• _What is expected_
Your output must be the lines below from the line containing "Коллекция Систематическая коллекция, №89227." to the line containing "1 Adet MK10", both lines included, reproduced exactly and without pictures.

• _Source material_
--- START ---

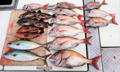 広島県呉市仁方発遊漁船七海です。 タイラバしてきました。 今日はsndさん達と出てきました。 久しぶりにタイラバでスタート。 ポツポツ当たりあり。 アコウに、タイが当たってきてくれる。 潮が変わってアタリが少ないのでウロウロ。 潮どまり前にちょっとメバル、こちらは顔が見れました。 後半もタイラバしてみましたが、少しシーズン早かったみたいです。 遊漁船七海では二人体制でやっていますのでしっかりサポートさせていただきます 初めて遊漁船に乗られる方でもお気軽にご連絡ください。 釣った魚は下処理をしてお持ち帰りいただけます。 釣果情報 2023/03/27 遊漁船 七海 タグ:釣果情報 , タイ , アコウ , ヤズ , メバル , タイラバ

--- END ---
--- START ---

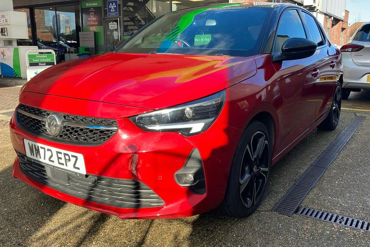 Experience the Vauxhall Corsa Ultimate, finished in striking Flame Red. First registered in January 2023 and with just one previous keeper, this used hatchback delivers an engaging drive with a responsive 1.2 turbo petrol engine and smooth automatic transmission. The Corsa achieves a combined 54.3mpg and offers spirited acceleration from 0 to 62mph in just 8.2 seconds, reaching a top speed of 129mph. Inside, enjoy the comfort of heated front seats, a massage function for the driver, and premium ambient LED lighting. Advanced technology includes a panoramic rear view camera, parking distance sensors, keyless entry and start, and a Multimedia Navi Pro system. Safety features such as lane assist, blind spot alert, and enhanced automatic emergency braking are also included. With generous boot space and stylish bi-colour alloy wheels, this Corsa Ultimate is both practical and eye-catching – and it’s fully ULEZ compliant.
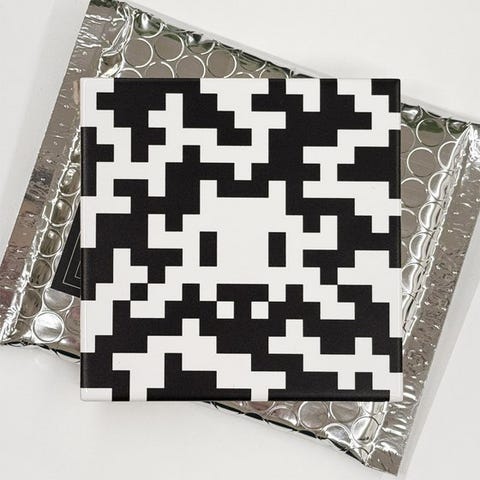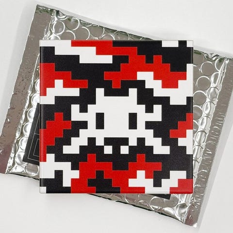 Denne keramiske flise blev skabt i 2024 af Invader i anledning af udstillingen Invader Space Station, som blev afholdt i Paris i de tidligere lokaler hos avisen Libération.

--- END ---
--- START ---

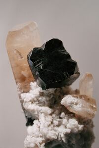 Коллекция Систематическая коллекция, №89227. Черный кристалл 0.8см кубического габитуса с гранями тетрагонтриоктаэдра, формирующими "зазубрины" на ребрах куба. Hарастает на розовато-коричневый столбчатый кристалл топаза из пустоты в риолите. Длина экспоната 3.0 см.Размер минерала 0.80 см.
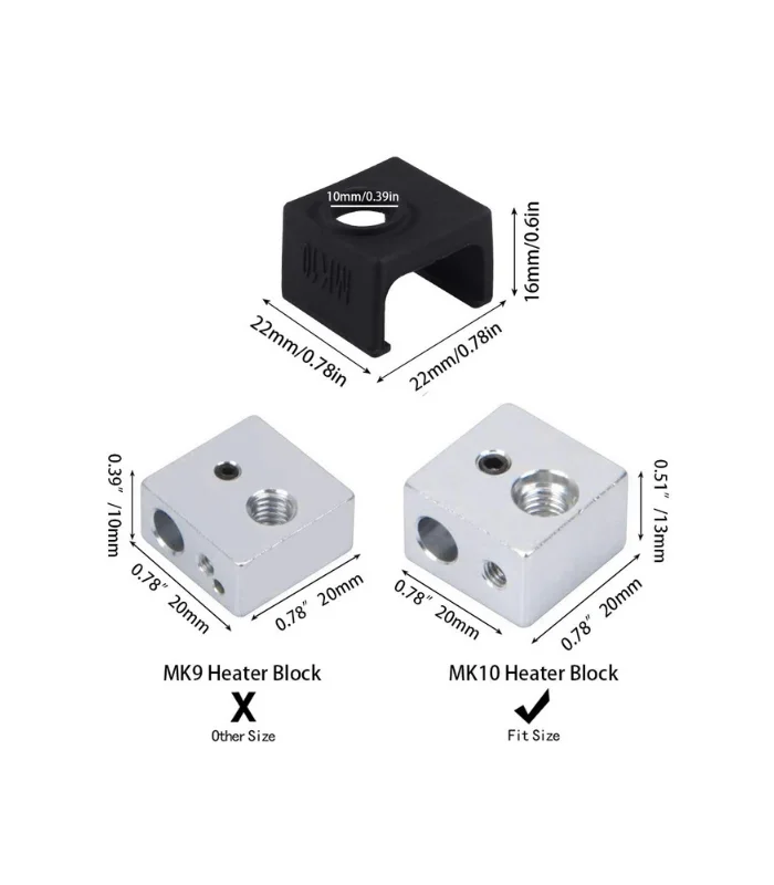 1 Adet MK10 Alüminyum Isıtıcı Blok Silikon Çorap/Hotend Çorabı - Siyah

--- END ---

• _Answer area_
 Коллекция Систематическая коллекция, №89227. Черный кристалл 0.8см кубического габитуса с гранями тетрагонтриоктаэдра, формирующими "зазубрины" на ребрах куба. Hарастает на розовато-коричневый столбчатый кристалл топаза из пустоты в риолите. Длина экспоната 3.0 см.Размер минерала 0.80 см.
 1 Adet MK10 Alüminyum Isıtıcı Blok Silikon Çorap/Hotend Çorabı - Siyah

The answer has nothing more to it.